Zuriat Raja Metar Bilad Deli Temukan Makam Raja Ke-4
Inilah makam Tuanku Gabal ibni Nabab dan Permaisuri NIP ibni Sultan Muhammad Abdul Djalil Mujafarsyah (Siak) yang ditemukan di komplek Masjid Al-Mukarromah Jalan Teluk Haru Martubung Kecamatan Medan Labuhan, Kota Medan.
MEDAN: koranmedan.com
Tengku Muhammad Fauzi,S.Kom, MH Ibni T.engku Zaini gelar Al-Mulk Akbar Syah Raja Kejeruan Metar Bilad Deli XI bersama Kezuriatan (keturunan), Datok perangkat dan Dr.Suprayitno Dosen Pascasarjana Universitas Sumatera Utara (USU) yang juga ahli sejarawan di Sumut dan Ketua Sejarawan Indonesia Sumut, Sabtu 19 Agustus 2023 mengunjungi dan meneliti makam kuno yang terdapat di kompleks Masjid Al-Mukarramah Jalan Teluk Haru Martubung Kecamatan Medan Labuhan, Kota Medan.
Menurut keterangan yang dihimpun di lokasi, tipologi makam dikenal dengan batu nisan yang didatangkan dari Aceh di perkirakan beratnya mencapai satu ton, digunakan sejak abad 17 &19 untuk makam ulama dan Raja Raja Aceh, sesuai dengan masa Kerajaan/Kejeruan Metar di Deli. Diperkirakan usianya 200 tahun.
Selain itu berdasar cerita secara turun temurun Kezuriatan terdapat makam Raja Metar berdampingan dengan permaisuri sebelah Utara berbatasan dengan Kejeruan Padang tidak diketahui keberadaannya.
Tak hanya itu makam kuno tersebut bentuk dan ukuran sama persis dengan ketiga makam raja-raja Metar yang ditemukan sebelumnya.
“Tak salah ini adalah makam Tuanku Gabal ibni Nabab dan Permaisuri NIP ibni Sultan Muhammad Abdul Djalil Mujafarsyah (Putri Siak),” ungkap salah seorang sesepuh Zuriat Kejeruan Metar Bilad Deli yang akrab disapa Tengku Ayah Intan (71 tahun) menegaskan.

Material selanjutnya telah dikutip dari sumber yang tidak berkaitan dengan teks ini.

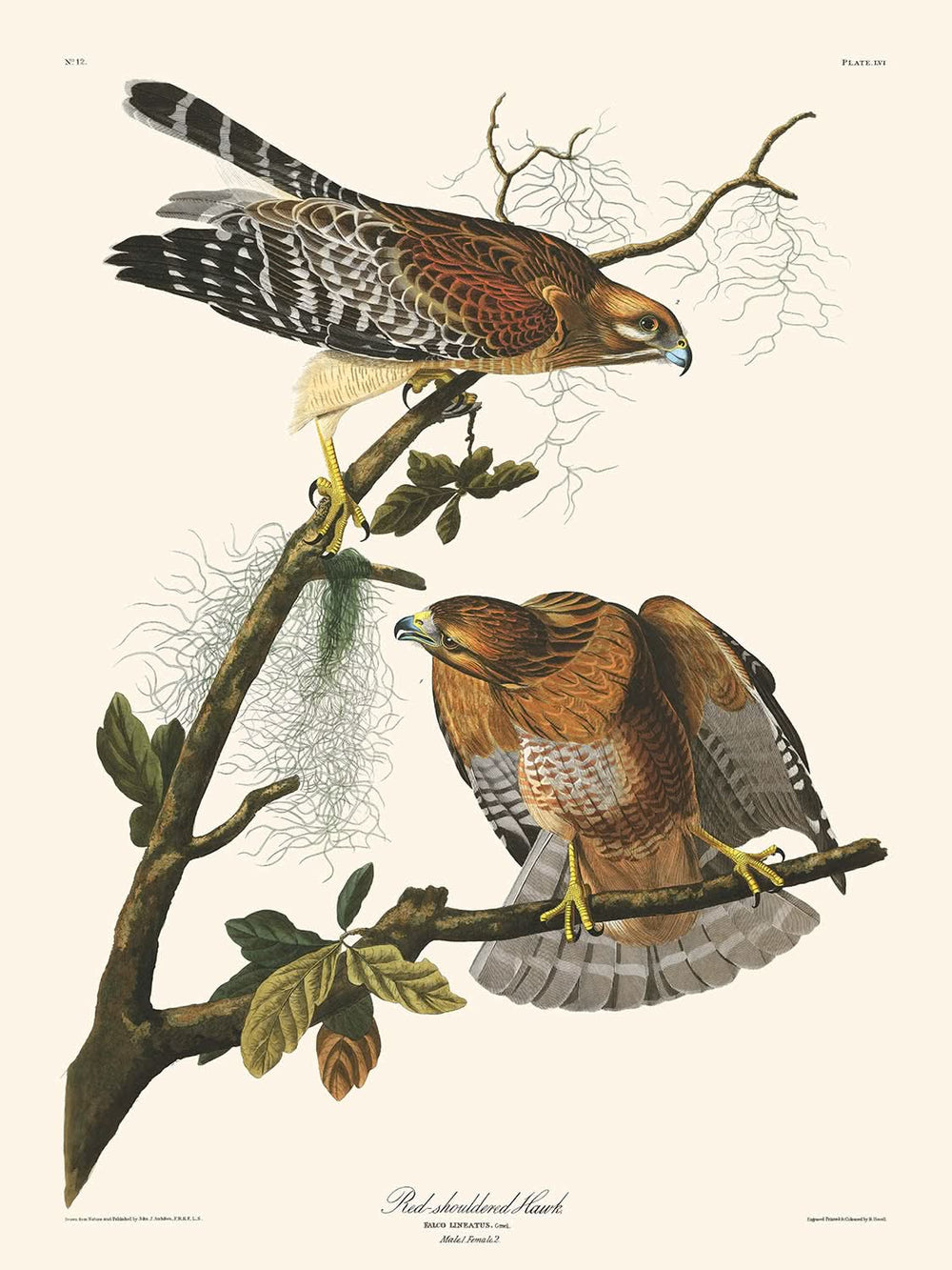 John James Audubon fut un pionnier de l'art animalier américain, célèbre pour son désir de documenter et d'illustrer tous les types d'espèces d'oiseaux d'Amérique du Nord. Son œuvre Birds of America, qui comprend 435 gravures grandeur nature, est devenue une référence cruciale en ornithologie et en histoire de l'art en raison de son ampleur et de sa précision. L'illustration de la Buse à épaulettes représente à la fois son talent artistique et son dévouement à l'histoire naturelle.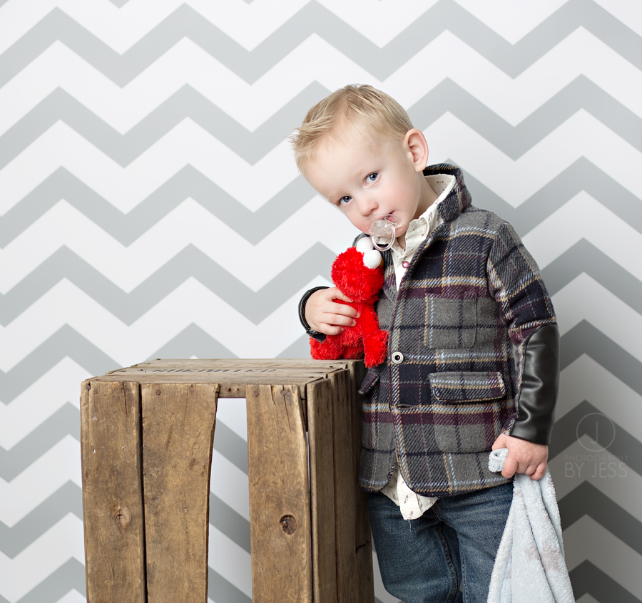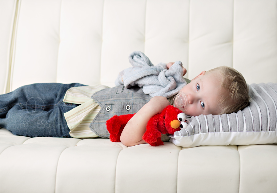 This photo is my favorite of all of them. He has his binky in the mouth upside down, holding onto the corner of his blanket and hanging onto Elmo, his favorite show. He needed all this stuff because Mama Bear came out. After we had our fight 🙂 we snuggled and then got a few more shots, we ended the shoot and he could finally have his treat. The studio has become a fun place to visit…for treats and that’s all that he wanted that’s why he wouldn’t have anything to do with me and the camera.

Tengku Ayah Intan juga mengaku saat berusia enam tahun pernah diajak ayahnya berziarah ke makam tersebut namun karena masih kanak-kanak dia tidak ingat makam siapa dan letaknya dimana apalagi masa itu masih hutan.
Kemudian usai Sholat Zhuhur Tuanku bersama masyarakat bersilaturahmi dan berdiskusi di pelataran masjid menjawab pertanyaan terkait makam tersebut.
Tuanku juga mengisahkan secara panjang lebar asal usul moyang mereka berasal dari Hindia hingga menjadi Raja di Tanah Deli.
Salah seorang tokoh masyarakat Muhammad Muhyar yang juga Ketua BKM Masjid Al – Mukarromah menuturkan, sejak tahun 1976 sudah tinggal di sini, masa kanak-kanak sering bermain di area makam terdapat pohon Sentul sangat tinggi dan besar batangnya butuh tiga orang dewasa untuk memeluknya.
“Selama berpuluh-puluh tahun kami warga disini tidak tahu makam siapa, banyak versi mengatakan makam Datuk, ulama dll. Sampai saat ini ada saja orang dari luar datang berziarah, ” tuturnya.
BKM berterimakasih setelah kedatangan Raja Metar dan rombongan akhirnya hari ini tabir terungkap ternyata merupakan makam raja Kejeruan Metar Bilad Deli (KMBD) IV (ke-4) bernama Tuanku Gabal dan Permaisuri,” Ketua BKM Masjid Al – Mukarromah Muhammad Muhyar.
“Temuan ini harus segera dilaporkan ke Dinas Pendidikan dan Kebudayaan (Dikbud) Kota Medan agar segera ditetapkan sebagai Benda Cagar Budaya. Mengingat usia sudah lebih dua abad,” pesan ahli sejarawan USU Dr. Suprayitno.***(dt.adek)
Kezuriatan Kejeruan Metar Bilad Deli saat berdiskusi di teras Masjid Al-Mukarromah
Jalan Teluk Haru Martubung Kecamatan Medan Labuhan, Kota Medan.